And, in view of the warm support of his friends and mentors, if he lacked polish, he must have had considerable charm. In his teens, what was soon to become his lifelong obsession with self-improvement and character-building was evident.
Among his papers at the Library of Congress there are a number of sheets of paper, probably written by Washington before he was 16, containing rules of civility and decent behavior in company and conversation, copied from a seventeenth-century English translation of the writings of a fifteenth-century French Jesuit.
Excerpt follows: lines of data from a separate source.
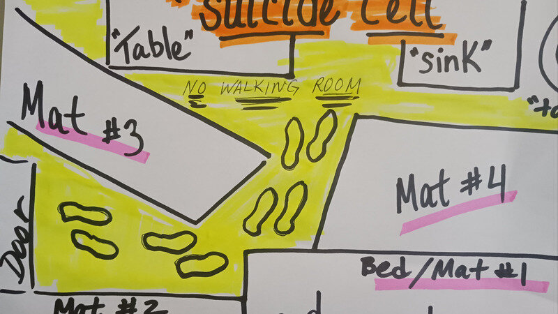 One other issue that another person informed me about is the fact that the "Suicide Cells" are OVERCROWDED. An inmate drew a picture for me of how CROWDED the Suicide Cell can be. This person said that in the "1 bed Cell" they throw in 3 extra cots. This causes one of the beds to be placed close to the toilet that they all share. So, if someone has to use the restroom at night one of the other people has to wake up and move their bed away from the toilet. Can you imagine that!? This is not only inhumane, but is also a health hazard!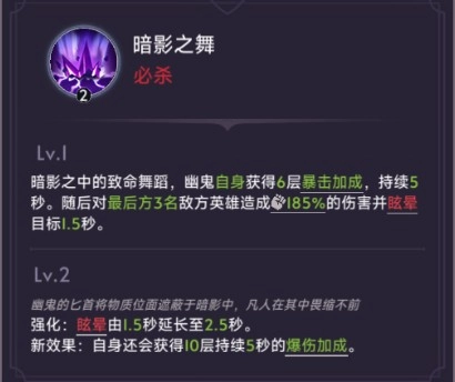 额外效果:每当有敌方英雄阵亡,幽鬼会为自身叠加一层效果,每层提供8%的暴击率与爆伤率加成,该效果最多可叠加至5层。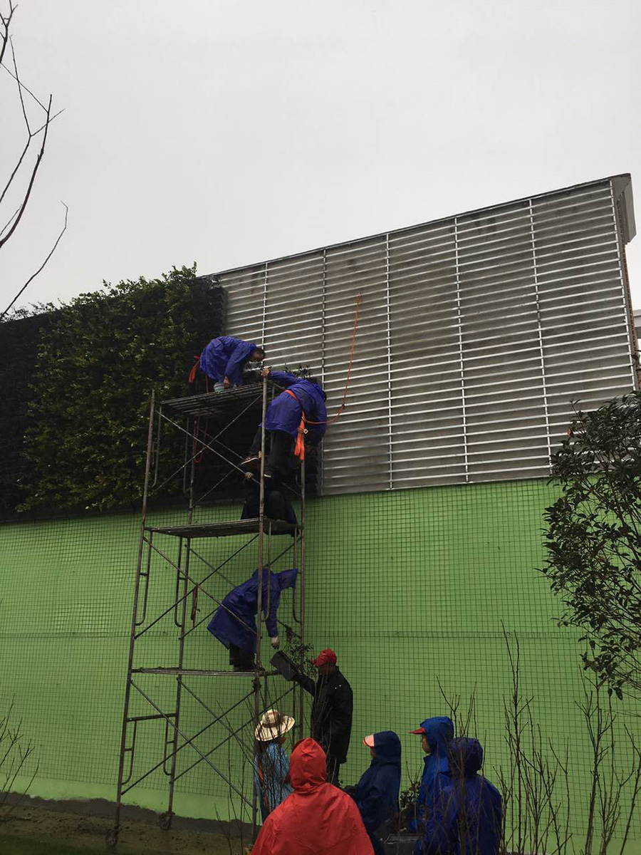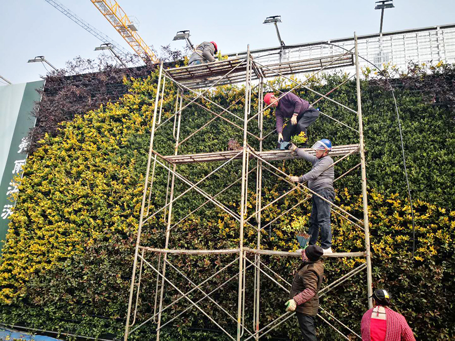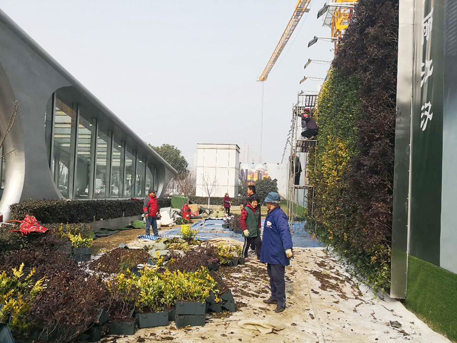 我們葛洲壩國際廣場(chǎng)生態(tài)圍擋綠墻項目正在施工中。

Some of the maxims for social contact caught Washington's eye, and he copied them down, reflecting the timidity of a young man moving out of rural society into the more elegant surroundings of his brother's world:
"Kill no vermin as fleas, lice, ticks, etc., in the sight of others," the author warned. "Spit not in the fire. Put not your meat to your mouth with your knife in your hand. Neither spit forth the stones of any fruit pie upon a dish, nor cast anything under the table. Cleanse not your teeth with a tablecloth, napkin, fork, or knife. But if others do it, let it be done with a pick tooth." And "Sleep not while others are speaking."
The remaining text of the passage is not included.